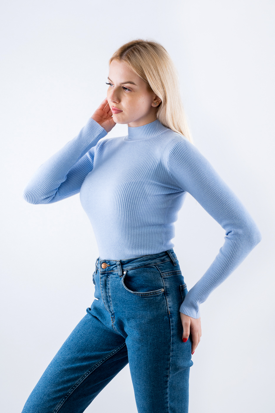 Цей гольф з горловиною стійкою і рубчиком виготовлений з м'якої віскозної трикотажної тканини і має довгі рукави, ідеальний для осіннього сезону. Однотонний дизайн надає йому універсальності, а горловина стійка додає витонченості. Цей гольф забезпечить вам комфорт і стиль, носіть його у повсякденних або більш офіційних образах, завжди виглядаючи на висоті.
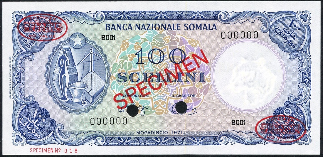 Banca Nazionale Somala, 100 Scellini, 1971, zero serial number, (Pick 16s, TBB B109cs), uncirculated, perforated and with De La Rue specimen chop marks
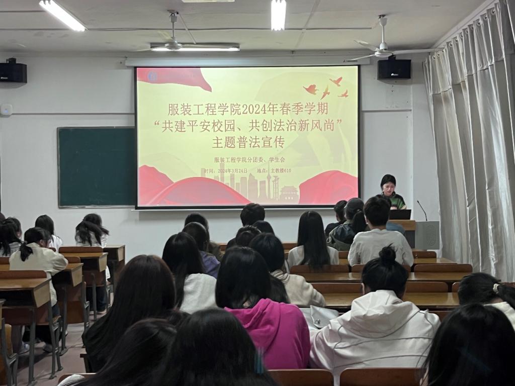 永利yl23411集团讯(撰稿:江婕妤)为进一步推进平安校园建设,深化校园治安环境治理,加强法治教育,切实提高学生法纪观念,服装工程学院于3月24日晚上7:40在主教练610教室开展了“尊法守法,共创法治新风尚”主题活动,学院分团委、学生会全体成员参加了活动,活动由学生会执行主席戴梦洁主持。

§ **YOUR GOAL**: In full and without changes, repeat the listing above, but not its pictures.

§ **EXPECTED ANSWER**:
 Цей гольф з горловиною стійкою і рубчиком виготовлений з м'якої віскозної трикотажної тканини і має довгі рукави, ідеальний для осіннього сезону. Однотонний дизайн надає йому універсальності, а горловина стійка додає витонченості. Цей гольф забезпечить вам комфорт і стиль, носіть його у повсякденних або більш офіційних образах, завжди виглядаючи на висоті.
 Banca Nazionale Somala, 100 Scellini, 1971, zero serial number, (Pick 16s, TBB B109cs), uncirculated, perforated and with De La Rue specimen chop marks
 永利yl23411集团讯(撰稿:江婕妤)为进一步推进平安校园建设,深化校园治安环境治理,加强法治教育,切实提高学生法纪观念,服装工程学院于3月24日晚上7:40在主教练610教室开展了“尊法守法,共创法治新风尚”主题活动,学院分团委、学生会全体成员参加了活动,活动由学生会执行主席戴梦洁主持。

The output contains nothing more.